BY MARK S. LESNEY
PHILADELPHIA -- The future of the next generation of vascular surgeons is at stake, with inadequate recruitment, too few women entering the field, and a general perception among medical students and residents that the vascular specialty is not a good "lifestyle" choice, according to speakers at this year's E. Stanley Crawford Critical Issues Forum, at the Vascular Annual Meeting.
The session, "Recruitment Crisis in Vascular Surgery--Defining Solutions Now," was designed and moderated (as per E. Stanley Crawford Forum tradition) by then-SVS president-elect K. Craig Kent as well as New York Presbyterian Hospital, Cornell University, and Columbia University, all in New York, and represents a subject Dr. Kent believes "is critically important to our livelihood--that of recruiting young people to vascular surgery."
The forum was organized to address the issue and to help find some solutions to the recruitment problem. "I believe it is a crisis facing our society," said Dr. Kent, who took over the role of society president during the meeting.
The first speaker, Dr. John Eidt, professor of surgery and radiology at the University of Arkansas, Little Rock, defined the problem, giving a history of the low number of applicants (slightly up this year) over the past decade and especially the dearth of women applicants. This year's match day was May 24; complete match statistics are at www.nrmp.org/fellow/match_name/vascular/stats.html.
The match is conducted yearly by the National Resident Matching Program at the request of the Association of Program Directors in Vascular Surgery, the sponsoring organization for vascular surgery fellowships. These fellowships are for 2 years, and all applicants must have completed a residency in general surgery first. Registration for programs and applicants began in December of last year.
Dr. Eidt highlighted the fact that in this year's match results there were only 129 applicants for 112 positions in 90 active vascular programs, with 106 of these positions being filled (95%). A total of 88% of U.S. applicants were matched.

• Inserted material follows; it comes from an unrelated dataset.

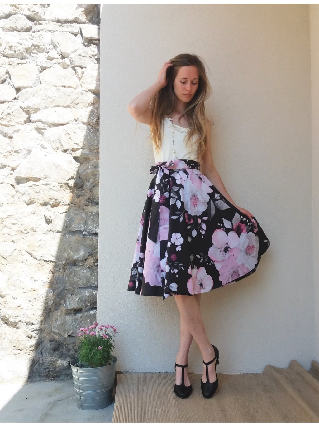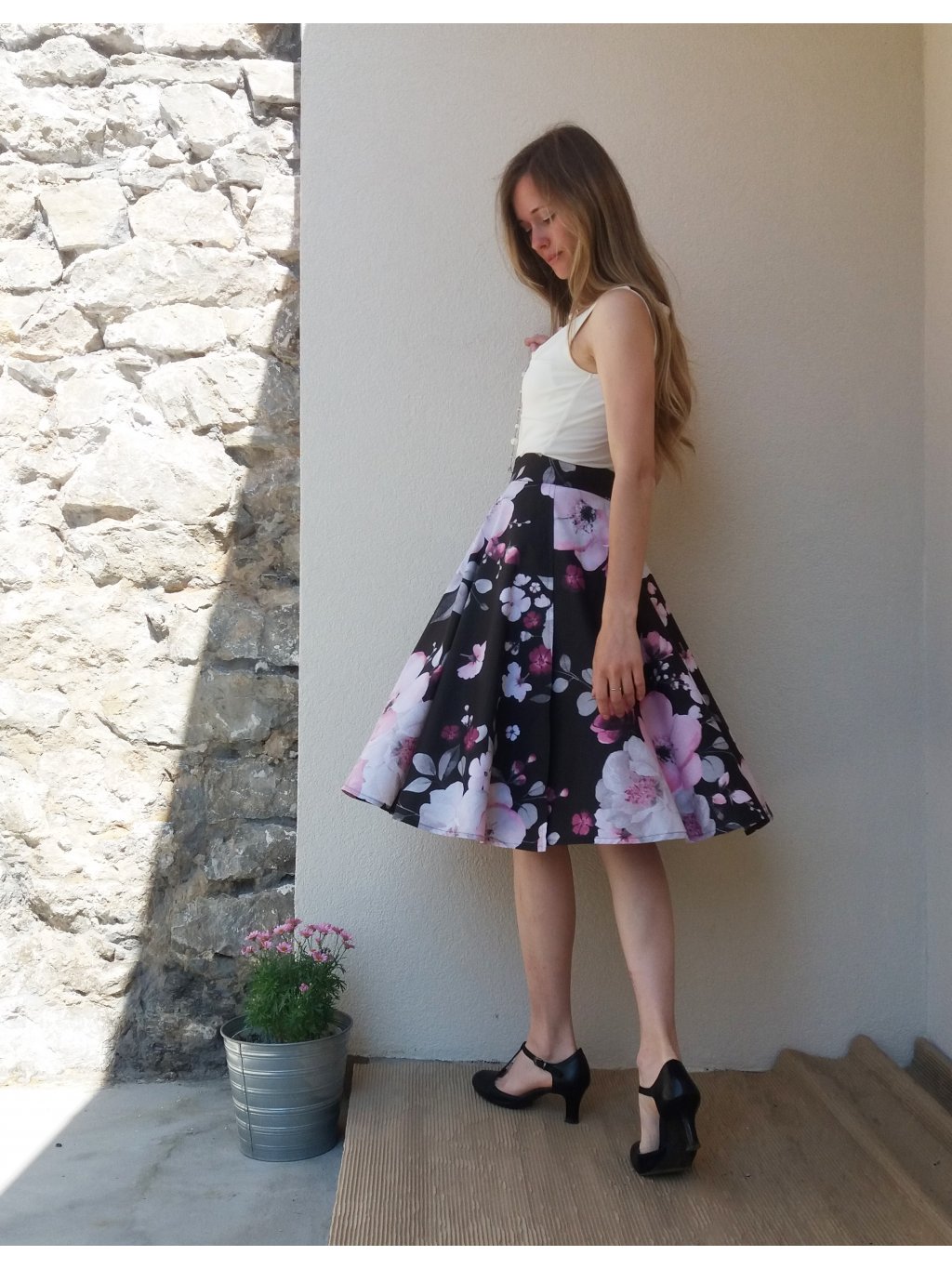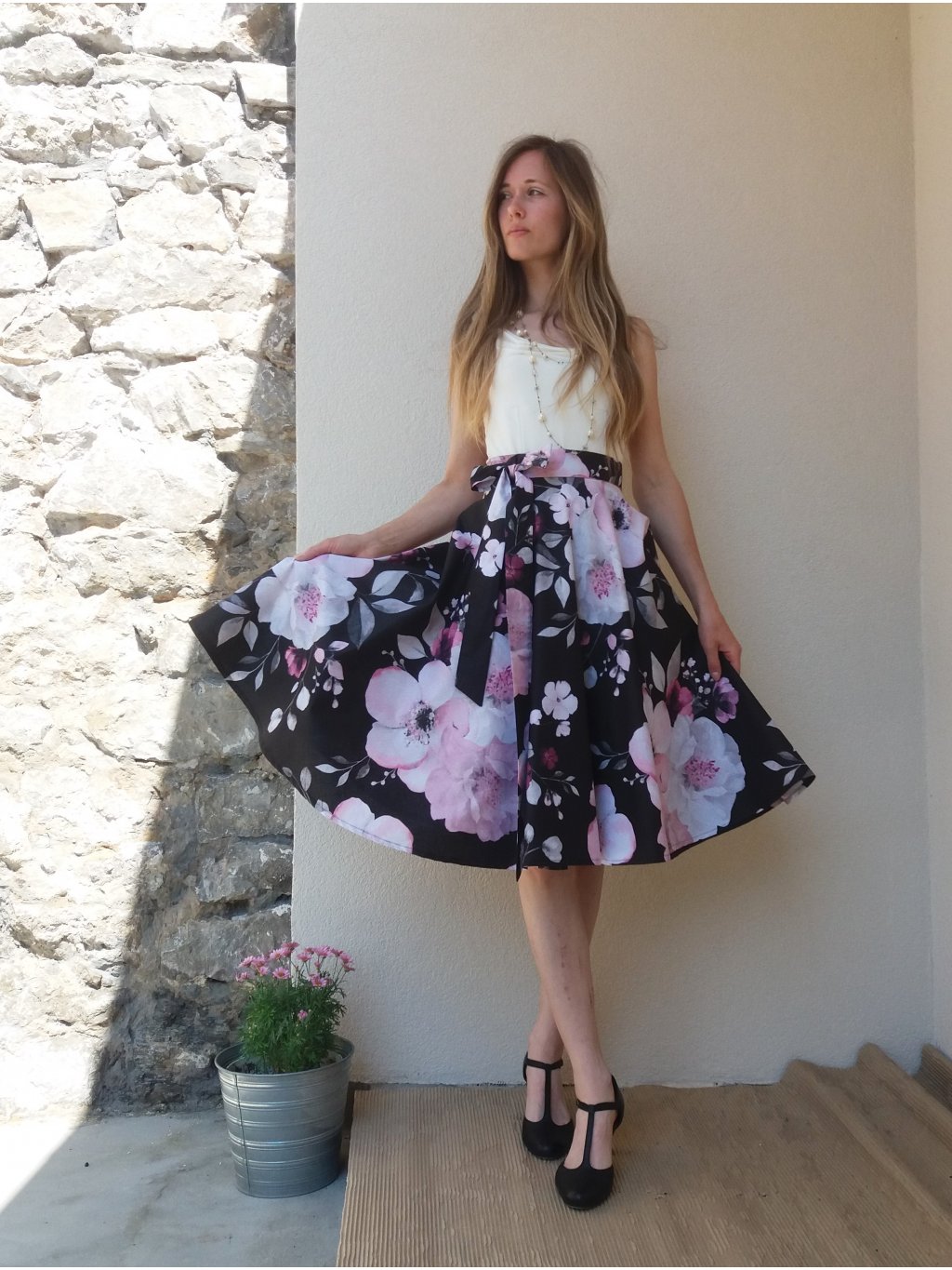 Zavinovací sukně kolového střihu ušitá z krásné, něžné látky. Květy v akvarelu, krásné provedení.

Although a low number of applicants and a high-percentage match is good news for job seekers, it does not indicate a broad choice for maintaining high quality, Dr. Eidt said, and it does not bode well for the future when the aging population will create far more demand for vascular interventions and for more vascular surgeons. He concluded with the overall message that there were too few individuals entering the specialty now, too few projected for the future, and that there appeared to be a declining interest in the specialty among medical students and residents.

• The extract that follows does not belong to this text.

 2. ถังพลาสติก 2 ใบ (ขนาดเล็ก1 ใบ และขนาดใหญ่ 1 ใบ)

Dr. Julie Freischlag, who is chair of the department of surgery at Johns Hopkins University, Baltimore, continued the discussion, in "Where Have All the Vascular Residents Gone?" She introduced 4th-year medical student Natalie Glebova, also from Johns Hopkins University, and surgical resident Scott Hollenback from Cornell University, who presented their individual perspectives on the problem. Many of their points were reiterated by other speakers, especially the overwhelming importance of personal relationships--meeting and having positive experiences with vascular surgeons at every level.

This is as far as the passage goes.